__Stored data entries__

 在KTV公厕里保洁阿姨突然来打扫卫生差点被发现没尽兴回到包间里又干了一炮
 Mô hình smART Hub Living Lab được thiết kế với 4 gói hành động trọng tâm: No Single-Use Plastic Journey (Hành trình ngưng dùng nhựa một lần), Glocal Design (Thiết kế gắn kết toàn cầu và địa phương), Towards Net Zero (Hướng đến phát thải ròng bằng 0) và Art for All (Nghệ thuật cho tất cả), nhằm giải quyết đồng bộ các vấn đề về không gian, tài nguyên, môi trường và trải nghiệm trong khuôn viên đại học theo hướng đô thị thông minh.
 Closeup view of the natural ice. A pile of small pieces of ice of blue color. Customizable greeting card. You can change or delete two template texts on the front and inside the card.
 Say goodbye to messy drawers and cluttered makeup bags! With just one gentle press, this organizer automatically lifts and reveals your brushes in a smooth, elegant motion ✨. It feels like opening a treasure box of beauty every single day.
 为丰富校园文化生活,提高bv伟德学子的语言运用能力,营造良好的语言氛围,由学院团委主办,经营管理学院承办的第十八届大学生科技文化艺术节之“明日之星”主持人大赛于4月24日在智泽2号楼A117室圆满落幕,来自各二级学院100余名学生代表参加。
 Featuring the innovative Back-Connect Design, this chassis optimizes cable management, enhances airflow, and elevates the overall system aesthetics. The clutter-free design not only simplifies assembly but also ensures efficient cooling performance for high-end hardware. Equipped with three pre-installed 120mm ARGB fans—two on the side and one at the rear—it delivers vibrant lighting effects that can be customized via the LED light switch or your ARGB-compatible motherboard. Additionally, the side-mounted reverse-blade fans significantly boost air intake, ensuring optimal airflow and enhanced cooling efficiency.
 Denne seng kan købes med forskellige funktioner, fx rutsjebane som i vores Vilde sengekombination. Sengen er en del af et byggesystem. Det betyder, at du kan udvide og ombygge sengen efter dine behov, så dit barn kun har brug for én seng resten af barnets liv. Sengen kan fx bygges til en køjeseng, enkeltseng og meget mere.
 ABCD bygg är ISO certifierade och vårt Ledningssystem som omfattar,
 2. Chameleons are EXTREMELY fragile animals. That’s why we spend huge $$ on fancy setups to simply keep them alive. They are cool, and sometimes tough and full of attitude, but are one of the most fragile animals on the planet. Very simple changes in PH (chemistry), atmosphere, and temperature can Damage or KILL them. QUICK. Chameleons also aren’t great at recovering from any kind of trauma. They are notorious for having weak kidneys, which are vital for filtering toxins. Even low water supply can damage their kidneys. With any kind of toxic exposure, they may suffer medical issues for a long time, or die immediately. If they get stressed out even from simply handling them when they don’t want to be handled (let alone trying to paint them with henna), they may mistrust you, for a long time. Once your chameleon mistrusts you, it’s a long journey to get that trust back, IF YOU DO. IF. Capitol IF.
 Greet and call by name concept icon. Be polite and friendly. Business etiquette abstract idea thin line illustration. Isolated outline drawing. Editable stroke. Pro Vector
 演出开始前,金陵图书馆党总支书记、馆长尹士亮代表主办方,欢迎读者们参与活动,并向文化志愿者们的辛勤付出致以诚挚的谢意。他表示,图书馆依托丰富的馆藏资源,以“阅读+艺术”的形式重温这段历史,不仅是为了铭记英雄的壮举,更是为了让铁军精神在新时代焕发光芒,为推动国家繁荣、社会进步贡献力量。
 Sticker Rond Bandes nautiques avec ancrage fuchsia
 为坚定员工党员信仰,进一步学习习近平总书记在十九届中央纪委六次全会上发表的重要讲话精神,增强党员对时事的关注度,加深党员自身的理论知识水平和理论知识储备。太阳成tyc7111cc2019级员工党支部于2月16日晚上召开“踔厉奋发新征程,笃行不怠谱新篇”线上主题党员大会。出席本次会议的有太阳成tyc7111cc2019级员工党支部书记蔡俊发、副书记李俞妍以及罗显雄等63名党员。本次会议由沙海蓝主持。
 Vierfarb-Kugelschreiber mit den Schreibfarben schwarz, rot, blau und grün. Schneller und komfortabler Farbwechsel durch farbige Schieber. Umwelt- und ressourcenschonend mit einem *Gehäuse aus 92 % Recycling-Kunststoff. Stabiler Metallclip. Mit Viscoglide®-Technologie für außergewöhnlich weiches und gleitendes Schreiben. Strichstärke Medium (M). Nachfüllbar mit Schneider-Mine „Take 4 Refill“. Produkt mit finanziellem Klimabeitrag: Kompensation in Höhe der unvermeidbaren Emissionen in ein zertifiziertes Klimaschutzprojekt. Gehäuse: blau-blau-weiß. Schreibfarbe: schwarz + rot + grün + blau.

__YOUR INSTRUCTIONS__
Could you return exactly the lines above from the line with "Featuring the innovative" to the line with "ABCD bygg är", both included, and nothing else?

__SOLUTION FOR THIS PROBLEM__
 Featuring the innovative Back-Connect Design, this chassis optimizes cable management, enhances airflow, and elevates the overall system aesthetics. The clutter-free design not only simplifies assembly but also ensures efficient cooling performance for high-end hardware. Equipped with three pre-installed 120mm ARGB fans—two on the side and one at the rear—it delivers vibrant lighting effects that can be customized via the LED light switch or your ARGB-compatible motherboard. Additionally, the side-mounted reverse-blade fans significantly boost air intake, ensuring optimal airflow and enhanced cooling efficiency.
 Denne seng kan købes med forskellige funktioner, fx rutsjebane som i vores Vilde sengekombination. Sengen er en del af et byggesystem. Det betyder, at du kan udvide og ombygge sengen efter dine behov, så dit barn kun har brug for én seng resten af barnets liv. Sengen kan fx bygges til en køjeseng, enkeltseng og meget mere.
 ABCD bygg är ISO certifierade och vårt Ledningssystem som omfattar,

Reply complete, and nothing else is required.